The show=True automatically displays the plot. In some cases, you may wish to save it to a variable or file for display later. In that case, set show=False.

Generate a 3D-Scatter Plot¤

kmeans.scatter(dim=3, title="KMeans Clustering 3D Plot", show=True)

Generate a Voronoi Diagram¤

kmeans.voronoi(title="KMeans Clustering Voronoi Diagram" show=True)

Sample KMeans Clustering Voronoi diagram

When considering visualizations of k-means clusters, we recommend that you think of each of your documents as represented by a single (x, y) point on a two-dimensional coordinate plane. In this view, a cluster is a collection of documents (points) that are close to one another and together form a group. Assigning documents to a specific cluster amounts to determining which cluster "center" is closest to your document.

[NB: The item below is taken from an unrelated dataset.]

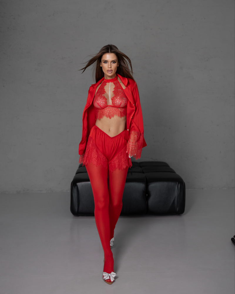 Піжамний костюм-трійка "Angelica" (сорочка+топ+шорти) шовк Армані та мереживо з ланцюжком Червоний

All three types of visualizations are generated using the Python Plotly library. If you pan over the graph, you'll notice that a menu appears in the top right corner. This menu provides the following options:

Download Plot as a PNG: This button allows you to download the image as a .png file. See below for methods of downloading in other formats.
Zoom: This option allows you to click and drag to zoom in to a specific part of the graph.
Pan: This option will change the click and drag function to panning across the graph.
Zoom in and Zoom out: These will automatically zoom to the center of the graph.
Auto-scale and Reset Axis: These options will zoom all the way out with the axis reset to fit the window
Show closest data on hover: If you hover over a data point, this option will show you the value of the data point.
Compare data on hover: If you hover over a data point, this option will show you the value of the data point and it's corresponding x-axis value.
When you enable the 3D scatter plot, there are other options that function essentially the same as for a 2D graph that will allow you to view the 3D plot at different angles.

You can also save the images programmatically using kmeans.save(). The image type will be detected automatically by the file extension in the path parameter. You can also set html=True to save the image as an HTML file. Here are some examples:

kmeans.save(path="myimage.png") # Saves as a .png file
kmeans.save(path="myimage.html", html=True) # Saves as an HTML file

Under the hood, save() calls Plotly's write_image() and write_html(), and it will accept any keywords taken by those methods.

You can also call to_csv() to export your data to a CSV file of PCA coordinates and cluster labels. Kmeans.to_csv() accepts any parameter taken by the Pandasto_csv() method.